_Exercise brief_: Return the material below exactly, but only from the line with "The Lucie Awards." through the line with "orecchini da donna", and without its pictures.

_Source data_:
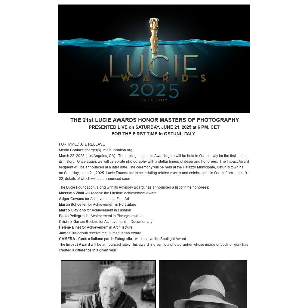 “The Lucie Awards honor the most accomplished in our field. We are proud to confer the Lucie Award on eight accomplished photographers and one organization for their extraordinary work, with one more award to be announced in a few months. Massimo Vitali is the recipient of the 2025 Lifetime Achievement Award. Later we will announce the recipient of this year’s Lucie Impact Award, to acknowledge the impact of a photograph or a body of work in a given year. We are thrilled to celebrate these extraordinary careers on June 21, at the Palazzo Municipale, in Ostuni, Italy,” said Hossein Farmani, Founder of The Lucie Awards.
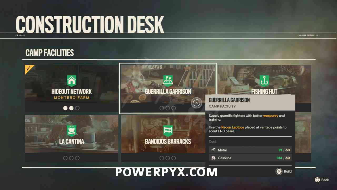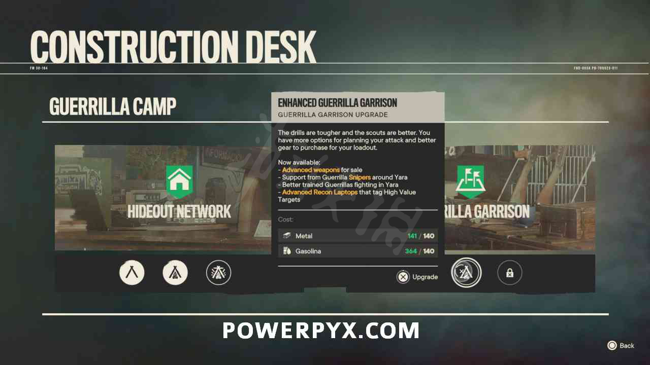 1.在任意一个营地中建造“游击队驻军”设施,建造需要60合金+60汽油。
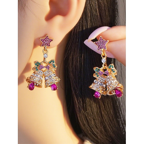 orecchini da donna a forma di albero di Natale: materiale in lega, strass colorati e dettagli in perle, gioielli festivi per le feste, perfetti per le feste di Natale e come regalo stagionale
* * *
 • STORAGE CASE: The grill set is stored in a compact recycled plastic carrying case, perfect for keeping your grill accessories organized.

_Written solution_:
 “The Lucie Awards honor the most accomplished in our field. We are proud to confer the Lucie Award on eight accomplished photographers and one organization for their extraordinary work, with one more award to be announced in a few months. Massimo Vitali is the recipient of the 2025 Lifetime Achievement Award. Later we will announce the recipient of this year’s Lucie Impact Award, to acknowledge the impact of a photograph or a body of work in a given year. We are thrilled to celebrate these extraordinary careers on June 21, at the Palazzo Municipale, in Ostuni, Italy,” said Hossein Farmani, Founder of The Lucie Awards.
 1.在任意一个营地中建造“游击队驻军”设施,建造需要60合金+60汽油。
 orecchini da donna a forma di albero di Natale: materiale in lega, strass colorati e dettagli in perle, gioielli festivi per le feste, perfetti per le feste di Natale e come regalo stagionale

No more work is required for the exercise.